I suspect the answer is as near as damnit to 0 as not to be worth worrying about.
If i run the same thing through I get the answer "-4.3711388e-008" which can also be written as "-0.000000043711388". Which is pretty damned close to 0. Definitely near enough to not worry about it being out at the 8th decimal place.
Edit: Further to what LiraLuna is saying I wrote the following piece of x87 assembler under visual studio
float fRes;
_asm
{
fld1
fld1
fadd st, st(1)
fldpi
fdiv st, st(1)
fcos
fstp [fRes]
}
char str[16];
sprintf( str, "%f", fRes );
Basically this uses the x87's fcos instruction to do a cosine of pi/2. the value held in str is "0.000000"

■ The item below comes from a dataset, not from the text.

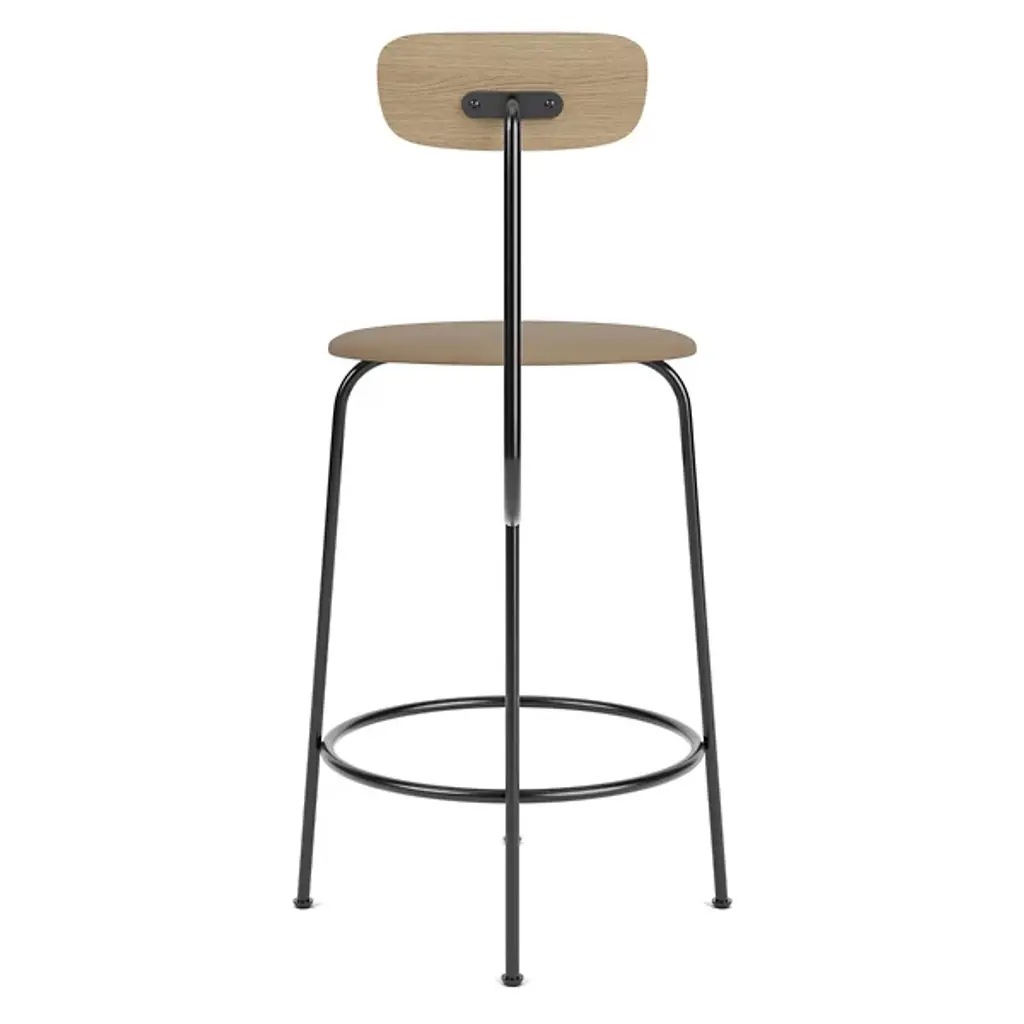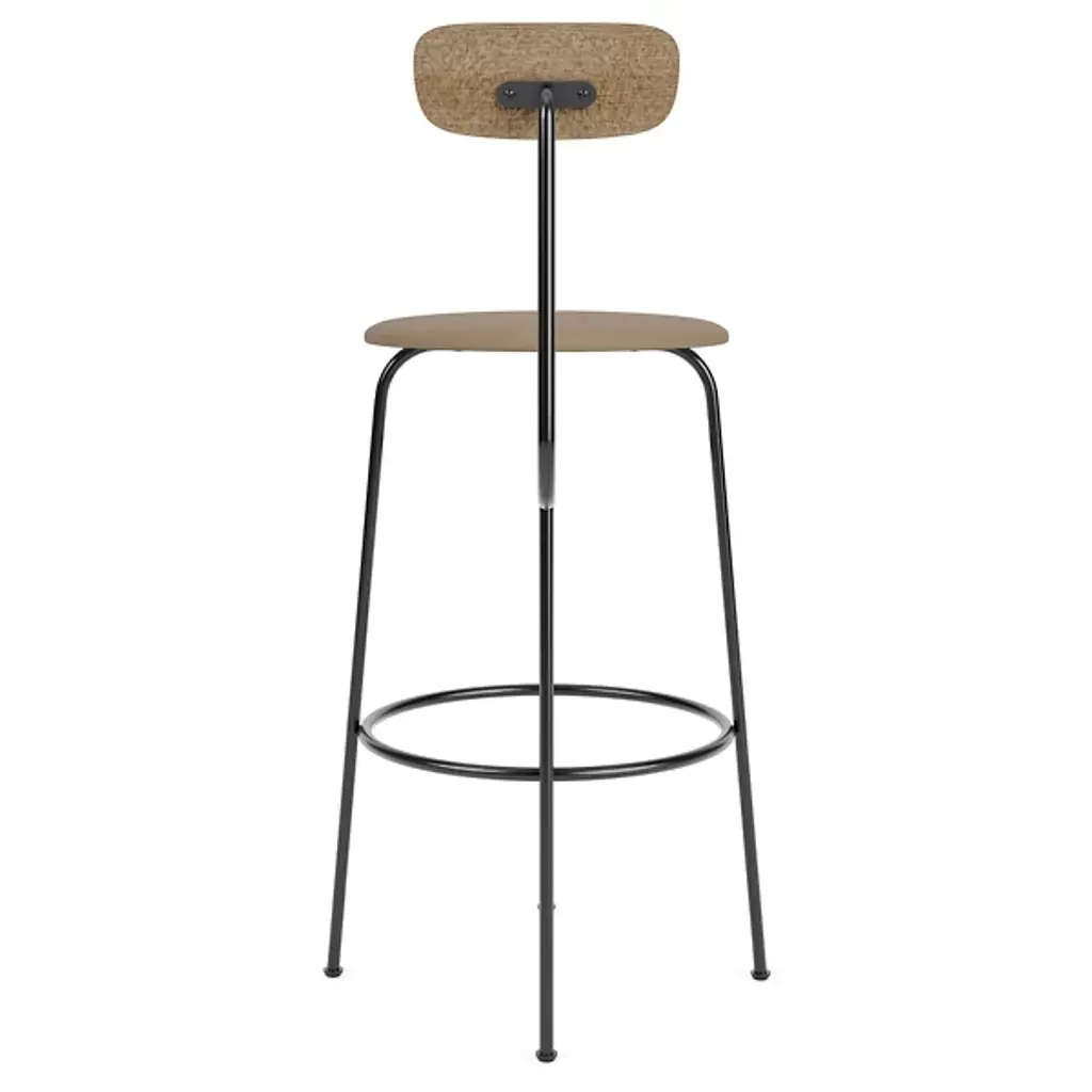 The Afteroom Bar / Counter Chair, Upholstered Seat from Audo Copenhagen is designed by Afteroom. It is made from MDF, plywood, and powder-coated steel. It has transitional style and is built for durability. Its upholstered seat is filled with foam for optimal comfort. This functionalist-inspired seating solution brings to mind Bauhaus stylistic influences. The framework forms a ring shape to keep the legs joined together. Afteroom keeps you properly elevated and balanced as you enjoy socializing among friends and family.
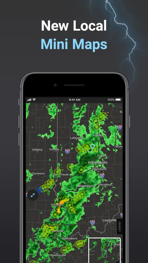 - Use our Mini Map to get two important views in one radar screen: see what is happening in your location, while also having access to a big picture view in the mini map.

This, however, is not actually what fcos returned. It ACTUALLY returned 6.1230318e-017. This implies that the error occurs at the 17th decimal place and, lets be honest, thats far less significant than the standard debug cosf above.
As SSE3 has no specific cosine instruction I suspect (though i cannot confirm without seeing the assembler generated) that it is either using its own taylor series expansion or it is using the fcos instruction anyway. Either way you are still unlikely to get better precision than the error occurring at the 17th decimal place, in my opinion.
The only thing I can think of is a malicious macro substituion i.e. M_PI_2 is no longer 1.57079632679489661923.
Try calling cosf( 1.57079632679489661923 ) to test this.
The real thing you should be careful about is the sign of cosine. Make sure it is the same as you expected. E.g. if you operate with angles between 0 and pi/2. make sure that what you use as PI_2 is less that actual value of pi/2!
And the difference between 0.000001 and 0.0 is less than you think.
The reason
What you are experiencing is the infamous x87 math co-processor float truncate 'bug' - or rather - a feature. IEEE floats have an amazing range of numbers, but at a cost. They sacrifice precession for high range.
They are not inaccurate as you think, though - this is a semi-myth generate by Intel's x87 chip design, that internally uses 80bit internal representation for floats - they have far superior precession though a bit slower.
When you perform a float comparison, x87 caches the float as an 80bit float, then when it's stack is full, it saves the 32bit representation in RAM, decreasing accuracy by a large degree.
The solution
x87 is old, really old. It's replacement is SSE. SSE computes 32bit floats and 64bit floats natively, leading to minimal precession lost on math. Please note that precession issues with floats still exist, but printf("%f\n", cosf(M_PI_2)); should be zero. Heck - even float comparison with SSE is accurate again! (unlike x87).
Since latest Xcode is actually GCC 4.2.1, use the compiler switch -msse3 -mfpmath=sse and see how you get a perfectly round 0.00000 (Note: if you get -0.00000, do not worry, it's perfectly fine and still equals 0.00000 under the IEEE spec (read more at this wikipedia article)).
All Intel macs are guaranteed to have SSE3 support (OSx86 Macs excluded, if you want to support those, use -msse2).